Short Sale: Also known as Pre-foreclosure or Third Party Approval Required

When the net proceeds from the sale of the home are not sufficient to pay off existing loan(s), the sale is conditioned on approval by the seller’s lender to accept less than the full amount owed. Negotiations may be carried out by the listing broker or an attorney. The term “Third Party Approval” is also used when bankruptcy or other court approval is required to complete the sale.

As-Is Sale: Often used in the case of foreclosures or short sales to warn the buyer that no repairs will be made during the inspection period, or that the seller has never lived in the home and has no personal knowledge of the home’s condition. In actuality, the term has no legal meaning. It does not absolve the seller of legally required disclosures. The term “As-Is” does not necessarily mean that the home is in poor repair. However, the value of a professional inspection is paramount.
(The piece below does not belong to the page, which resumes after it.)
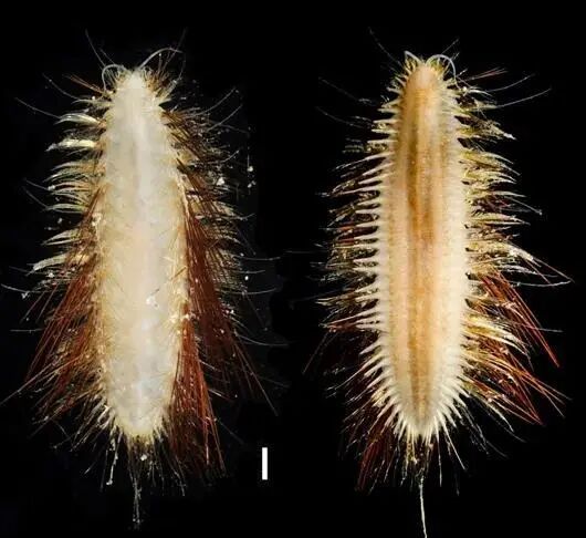 6 }9 f/ k% N* K, w0 O 海洋所镖毛鳞虫(新种)长6~7厘米,体覆闪亮的金色鱼叉状刚毛,隶属多毛纲、鳞沙蚕科、镖毛虫属。于2019年发现于卡罗琳海山888~980米的岩石底。

HUD Home: Homes that have been acquired by HUD after foreclosure on an FHA insured mortgage.

HUD: US Department of Housing and Urban Development. FHA: Federal Housing Administration. FHA insures loans for low-to-moderate income buyers and others who may otherwise be unable to qualify for conventional financing. Mortgage insurance is included in monthly payments until the home’s value exceeds 78% of the loan amount, at which time the buyer may request to have it removed.

Submission Bid Deadline: When a new HUD home comes on the market, the first two weeks are generally set aside as “exclusive” available for bids from owner occupant buyers. An initial bed deadline is set, after which all offers will be reviewed. If no acceptable bids are received, the bidding continues on a daily basis until an acceptable bid has been received.

FHA Insured Escrow (IE) with $xxx.xx in repairs: When looking at HUD homes, you will see this terminology a lot. Homes that revert to HUD ownership are inspected by an FHA approved appraiser, and an as-is value is set. If no obvious repairs are necessary, the home is deemed (IN) or insurable for FHA 203b financing. When repairs under $5,000 are necessary to meet FHA lending guidelines, the needed repairs will be specified in this way. Repairs are to be completed after closing, using money set aside for this purpose. If the actual repairs cost less than estimated, any additional funds left in escrow will be applied to the mortgage principal. Note that the seller does not contribute funds to this escrow account, it is part of the buyer’s loan. If FHA financing is not used, the repair escrow does not apply.

203K Eligible: When buying a home needing more than $5,000 in repairs, it may qualify for FHA 203(k) Rehab loan program. The borrower can get just one mortgage loan, at a long-term fixed (or adjustable) rate, to finance both the acquisition and the rehabilitation of the property. To provide funds for the rehabilitation, the mortgage amount is based on the projected value of the property with the work completed, taking into account the cost of the work. Talk to an FHA approved lender for more details.

HUD homes are listed in the local MLS, however all offers must be submitted through hudhomestore.com by a real estate broker registered with HUD.